Antibodies, plasmid DNAs, and cell lines
Expression constructs expressing human c-Fos (pLX304-FOS-V5) and c-Jun (pCLXSN-c-JUN) were purchased from Addgene (Addgene Headquarters, Cambridge, MA, USA). Luciferase activity assay backbone DNA pGLuc-mini-TK was purchased from New England Biolabs (Ipswich, MA, USA). Anti-KGF, anti-c-Fos, and anti-c-Jun antibodies were purchased from Abcam (Abcam, Inc. Shanghai, China). Sixty-nine skin fibroblast cell lines were established from healthy Chinese donors.
RNA isolation and quantitative RT-PCR
Total RNA from fibroblast cell lines was isolated using a Total RNA isolation and purification kit (Invitrogen Inc., Carlsbad, CA, USA) according to the manufacturer’s instructions. cDNA from each sample was synthesized using iScript cDNA Synthesis Kits (Bio-Rad Laboratories, Inc., Hercules, CA, USA).
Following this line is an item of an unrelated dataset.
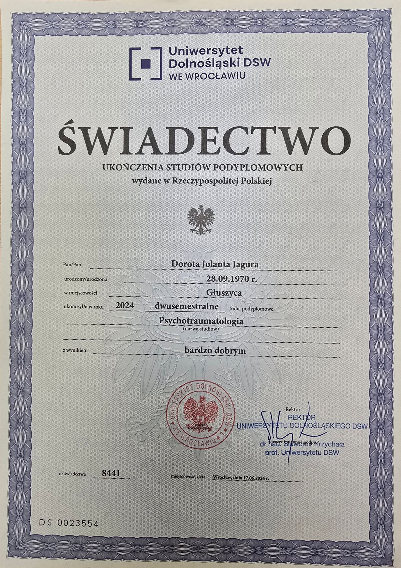 Jestem psychologiem z wykształceniem magisterskim o specjalności psychologia kliniczna, dyplomowanym psychotraumatologiem i psychoterapeutą w trakcie specjalizacji we Wrocławskim Instytucie Psychoterapii w podejściu integracyjnym.

Quantitative RT-PCR assays were performed using Power SYBR Green Master Mixture (Applied Biosystems™, Foster City, CA, USA) to determine the mRNA expression of the FGF7 gene in each sample, and glyceraldehyde 3-phosphate dehydrogenase (GAPDH) was used as the internal control. Fold changes were calculated according to the ΔΔCT method.
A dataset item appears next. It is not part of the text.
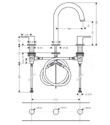 Hansgrohe Vernis Shape umývadlová 3-otvorová batéria s výpusťou a tiahlom Chróm 71563000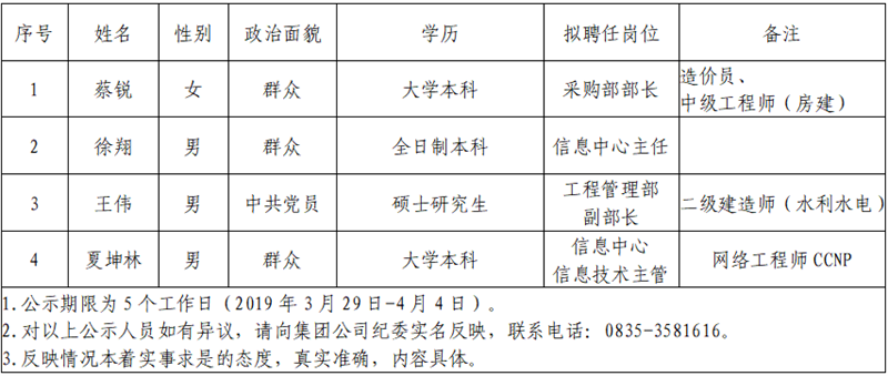 米兰体育-米兰(中国)官网 子公司拟聘用人员公示(资产经营管理公司)

Electrophoretic mobility shift assays
Fifty base pair non-risk or risk DNA probes were synthesized and end-labeled with a Biotin-DNA labeling kit (Thermo-Fisher). Nuclear protein extracts were prepared from fibroblast cells transfected with plasmid DNA expressing c-Fos, c-Jun, or control vector. A portion of the cells was stimulated with PMA/Ionomycin (50 ng/ml, 500 ng/ml) for 2 h. Incubation of nuclear proteins with labeled probes was performed for 25 min at 37 °C in the binding buffer (1 μg poly dI-dC, 20 mM HEPES, 10% Glycerol, 100 mM KCl, and 0.2 mM EDTA, pH 7.9). DNA-protein complexes were resolved on non-denaturing acrylamide gels.
ChIP and qPCR
ChIP assays were performed using the Millipore Magna ChIP A kit (Millipore, Billerica, CA, USA) according to the manufacturer’s instructions. The chromatin-protein complexes were immune-precipitated by antibodies specific for c-Fos, c-Jun, or rabbit IgG (negative control) overnight at 4 °C. DNA was eluted from the immune-precipitated chromatin complexes, reverse-crosslinked, purified by a DNA purification kit (TAKARA, Dalian, China), and subjected to real-time PCR analysis. Sequences of primers are listed in the Additional file 4: Table S4
We cloned 200 bp of DNA sequence surrounding the variant rs12905203 into a minimal TK promoter luciferase plasmid. Each plasmid was transiently co-transfected with a pGL3-promoter transfection efficiency control plasmid for normalization. Luciferase assays were performed in fibroblast cells. Forty eight hours post-transfection, cells were treated with 50 ng/ml PMA/500 ng/ml Ionomycin for additional 48 h. The cells were lysed using a lysis butter provided by the Kit, and the luciferase activity was measured using the Luciferase Assay System (Promega, Madison, MA, USA).